Mimo tego (a może trochę DLATEGO), że mam w głowie niemal rousseauowski obrazek w klimacie "W głębi kontinuum" (gdzie dzieci w naturalny sposób uczestniczą w rodzinno-plemiennym życiu), wpadam niekiedy w pułapkę frustracji podczas nerwowego pośpiechu, kiedy ja teraz mam plan wykonać to i tamto, a tu dzieci, wiadomo, jak nie urok to...

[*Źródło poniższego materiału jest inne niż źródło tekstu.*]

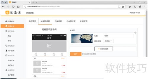 50、 店铺首页可展示最多五张轮播图,提升整体视觉效果。可将知识商品封面用作轮播图,并设置跳转链接,点击后直达精品知识页面,增强用户体验与内容曝光。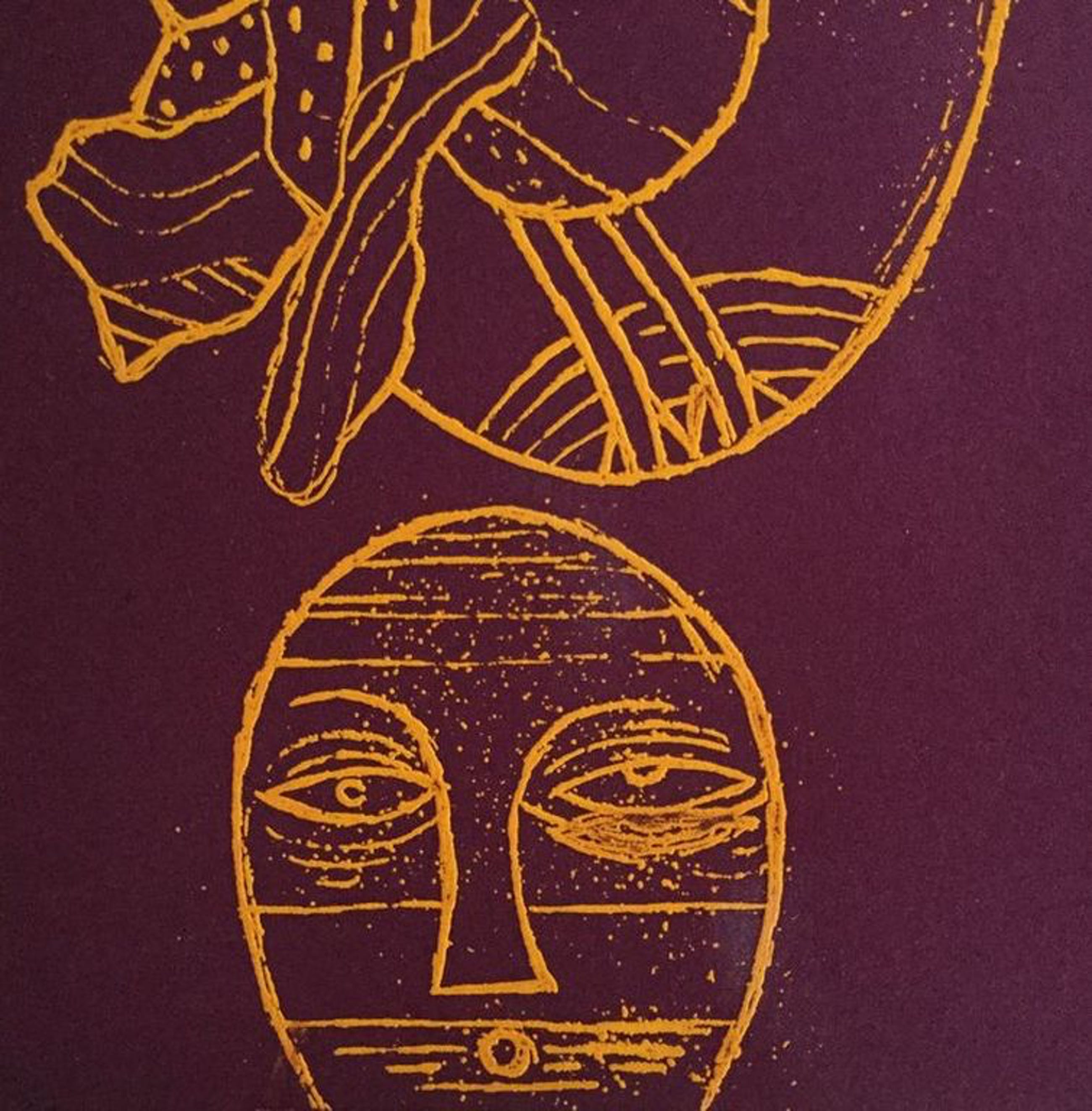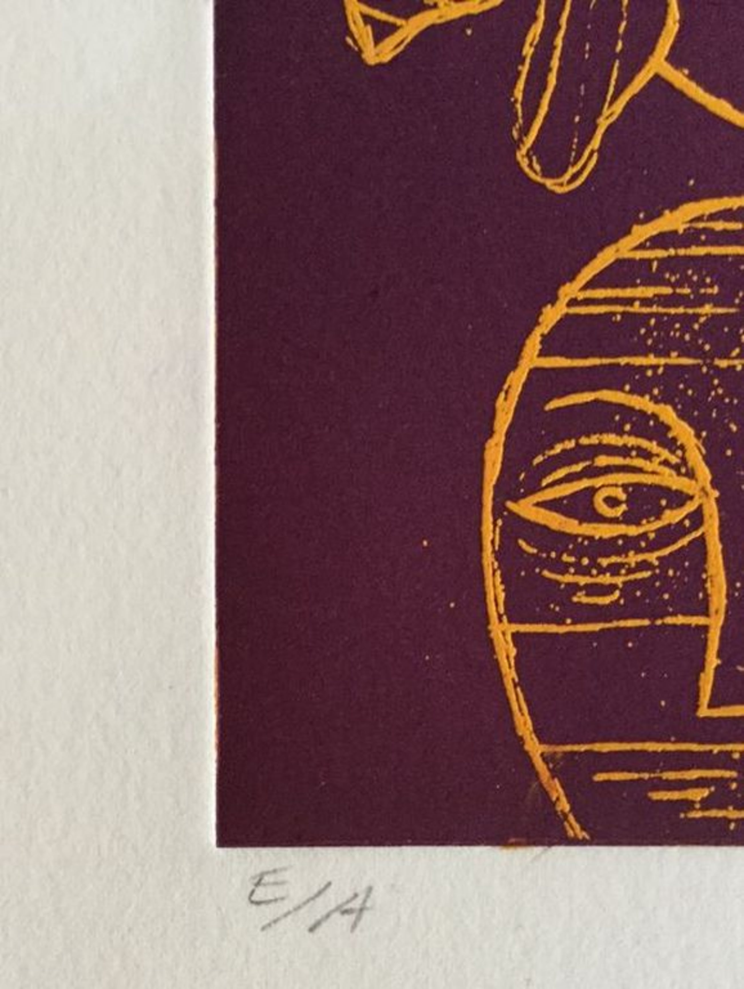 Prachtige ets uit 1977 gemaakt van suiker. Deze gele lijnen lichten lichtjes op als de lichtinval er op schijnt. Iets totaal anders dan al zijn later werk. Is een " épreuve artiste".

Potem na spokojnie próbuję analizować i zwykle znajduję rozwiązanie w innej/lepszej organizacji zajęć/życia. Tylko, że te rozwiązania niekoniecznie są dostępne na tu i teraz, albo bardzo trudno je wprowadzić. Np. jak kiedy nie udało się umówić z kimś, kto by spędził u nas trochę wakacji w zamian za pomoc w niektórych robotach lub pilnowanie dzieci. Czasem trzeba po prostu zrobić tyle, ile się akurat da i nie katować się idealnie wymarzonymi scenariuszami. Momenty idealne przychodzą do nas w trakcie naszych zwykłych, codziennych spraw. Są jak piękne widoki, które odsłaniają się niespodzianie za zakrętem naszej drogi, nawet tej dobrze znanej, gdy wstajesz rano do pracy i nagle świt zmienia Twoje podwórko w baśniowy kraj. Ale jeśli zaplanujemy sobie z góry, że tego i tego dnia pójdę zobaczyć piękny wschód słońca... może się okazać, że będzie akurat padać deszcz. I łatwo wtedy nie docenić tego deszczu.
Wracając na chwilę do myśli początkowej. Nie tylko praca jest elementem codziennego życia. Akurat jestem trochę chora, wczoraj głównie leżałam w domu. I odkryłam, że to wspaniały czas dla dzieci. Są już na tyle samodzielne, że dla mnie nie jest to zbyt męczące, nie muszę już przewijać, nie karmię już piersią, nie noszę ciągle na rękach/w chuście (oj, smutno mi się zrobiło jak to napisałam, heh). W każdym razie mama, która postanowiła w końcu dać sobie samej L4, taka mama nigdzie się nie spieszy. Ma dużo czasu na spokojne bycie. Słuchanie, rozmowę. Może akurat nie czytanie, bo gardło nie pozwala, ale znaleźliśmy inne zajęcia. I to było takie codzienne i miłe, nie specjalnie zaplanowane, a okazało się tak ważne. Bo z tymi zaplanowanymi momentami to jest trochę niebezpiecznie, wiecie: teraz mamy tyle i tyle czasu na wspólne robienie tego i tego, choćby na relaks, a tu ups, coś nie wychodzi, coś zburzyło plan, ktoś się wyłamał, czas już się kończy, były jakieś oczekiwania, jest jakieś rozczarowanie i tak dalej...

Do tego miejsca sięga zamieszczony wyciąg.